Event details of The Civic Infrastructure of Torture: Medical Ethics in Israel, From Hunger Strikes to Sde Teiman
Date
4 November 2025

Focusing on the bureaucracy of medical ethics in Israel, this talk explores the structures that mediate—and sometimes silence—the potential crisis emerging when the rationale of healthcare is confronted with security considerations. At its edge, the question thus becomes: How may medical ethics, as a set of institutions and procedures, limit, shape, mitigate, or perhaps even facilitate torture? Some of these bureaucratic structures have long colonial legacies, others emerge from the collapse of public systems that ensues from neoliberal policies; some are organized around racial divides, others are more universal in their deployment; but all end up replicating one pattern: they all ultimately dissolve into nothingness. My inquiry began with a hypothesis that cases of tortured people brought to public hospitals, in which physicians are often called to violate their code of ethics, would bring into operation the robust mechanisms of ethics that organize the medical field. Instead, I found an absence: an absence of procedures, an absence of implementing procedures, or an absence of these procedures’ ability to address the question of torture. In my talk, I will analyze this absence as part of larger political structures that have rendered ethics a facilitator of national violence rather than a mechanism for its restraint.

Bio: 

Hagar Kotef is a Professor of Political Theory in the department of Politics and International Studies at SOAS, University of London. She currently works on an ESRC-funded project on torture and bureaucracy in Israel/Palestine, in collaboration with the Public Committee against Torture in Israel.
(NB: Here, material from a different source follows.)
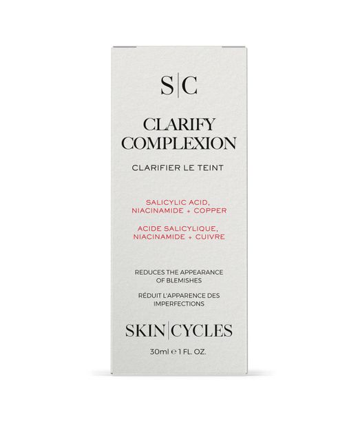 skin|cycles’ Clarify Complexion Serum is your new go-to treatment for clear skin. Formulated with 2% salicylic acid, niacinamide and ectoin, it tackles impurities and congestion while soothing any signs of irritation. Copper gluconate accelerates healing, leaving you with smoother, calmer and more balanced skin.
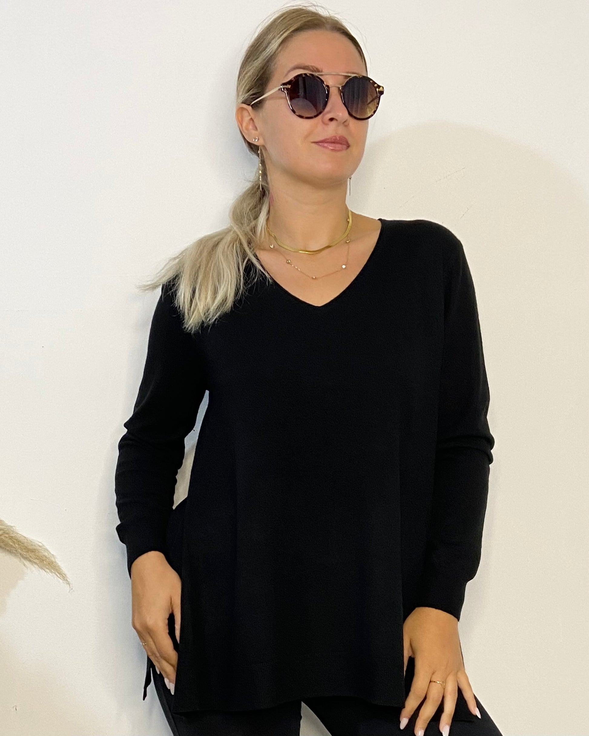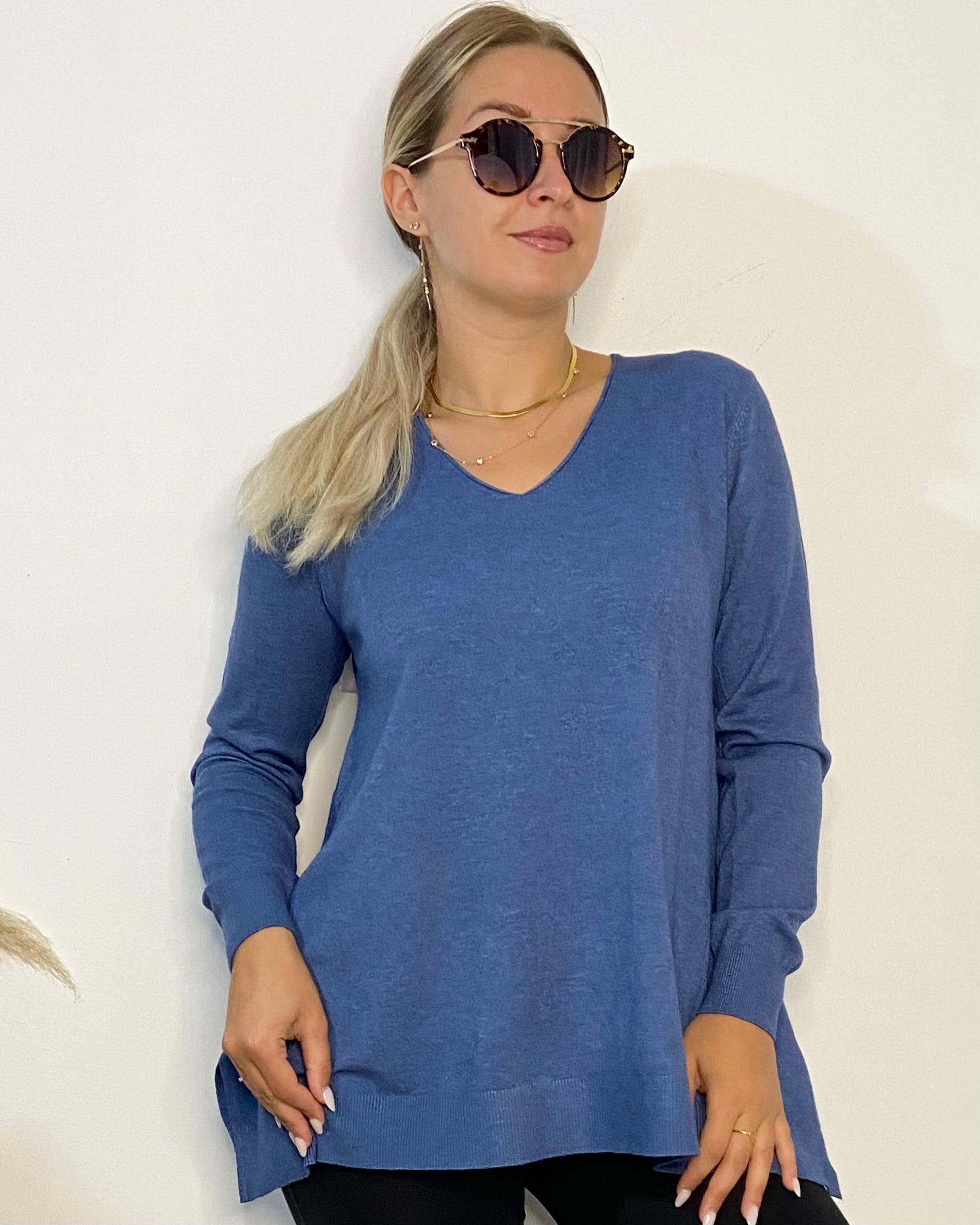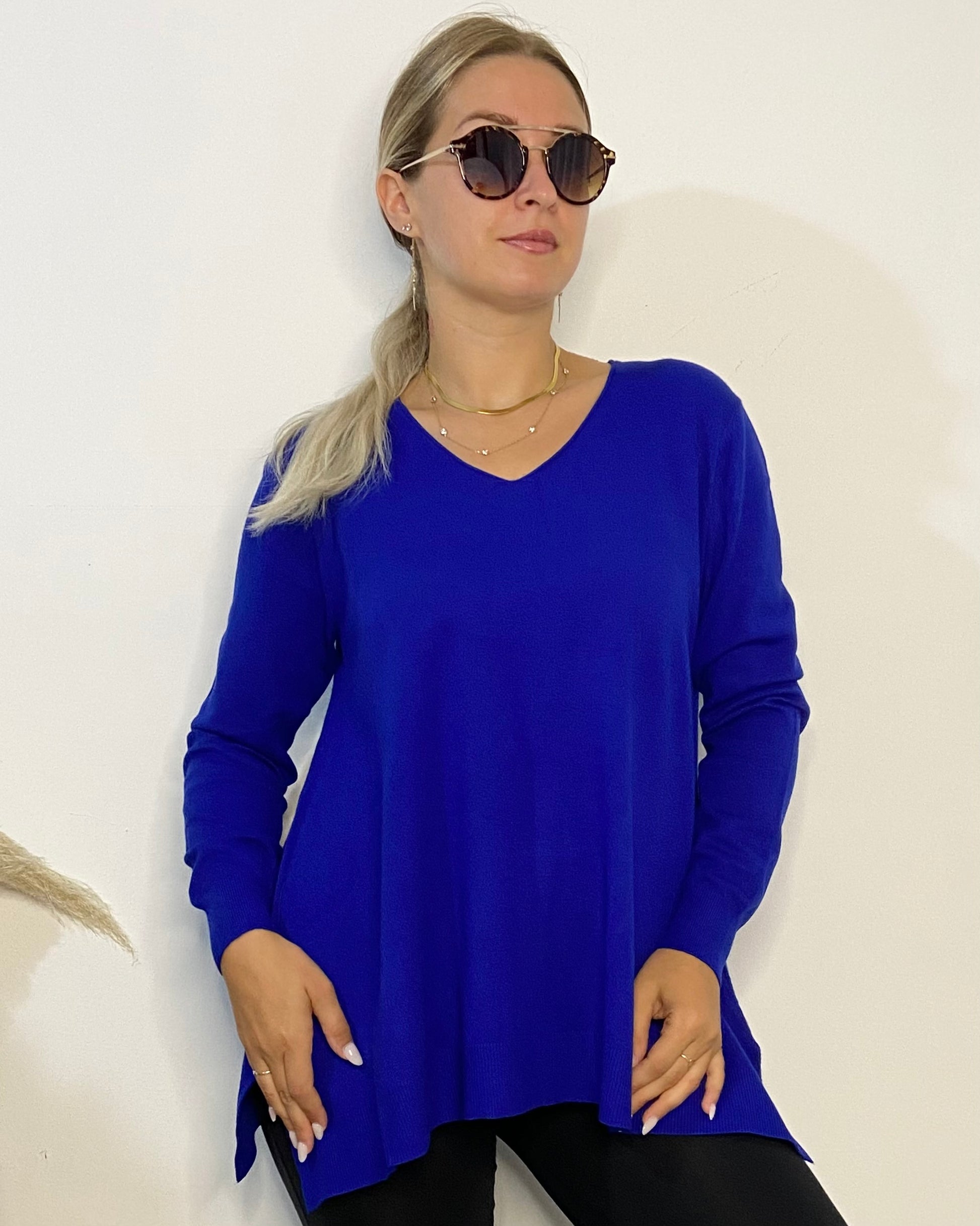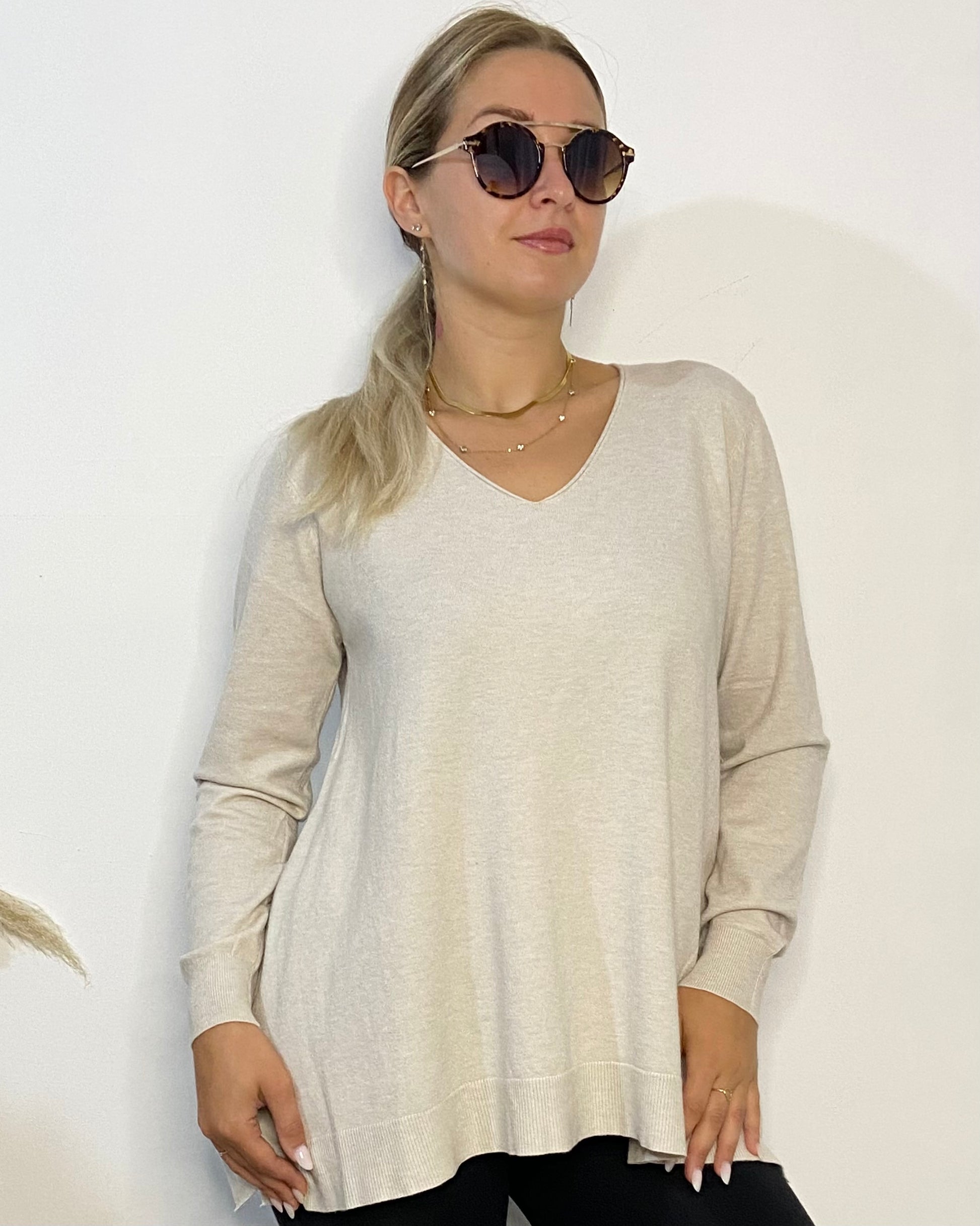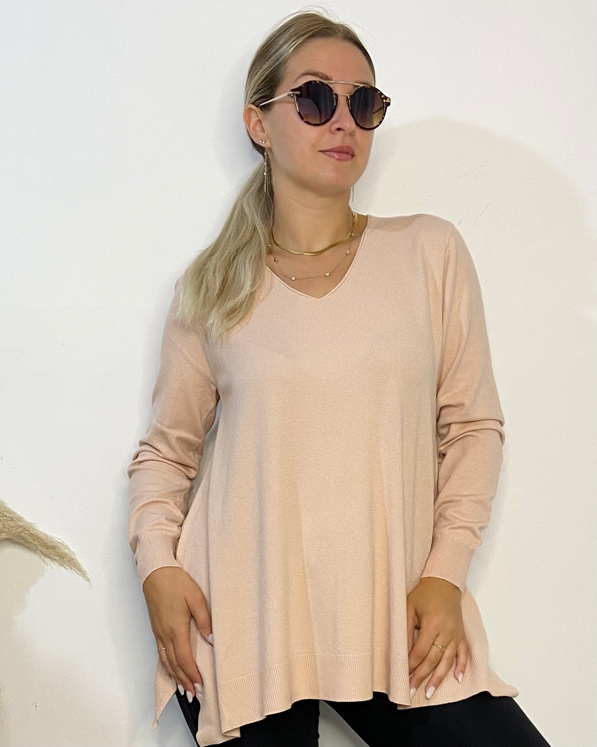 Pullover in taglia comoda con scollatura a V. Taglia unica vestibilità da una taglia 42 ad una 50.

Her recent book, The Colonizing Self (Or: Home and Homelessness in Israel/Palestine), published by Duke UP, 2020, examines the construction of political belonging and territorial attachments in settler colonies. It investigates how people develop attachment to space not despite violence, or by denying it, but rather through violence. The Colonizing Self won the C.B Macpherson book award, the Yale Ferguson Award, and the Spitz Prize in Democratic Theory. It further received Honorable Mentions of the MESA Fatema Mernissi Book Award, the Sussex International Theory Prize, and the IPS-ISA book award.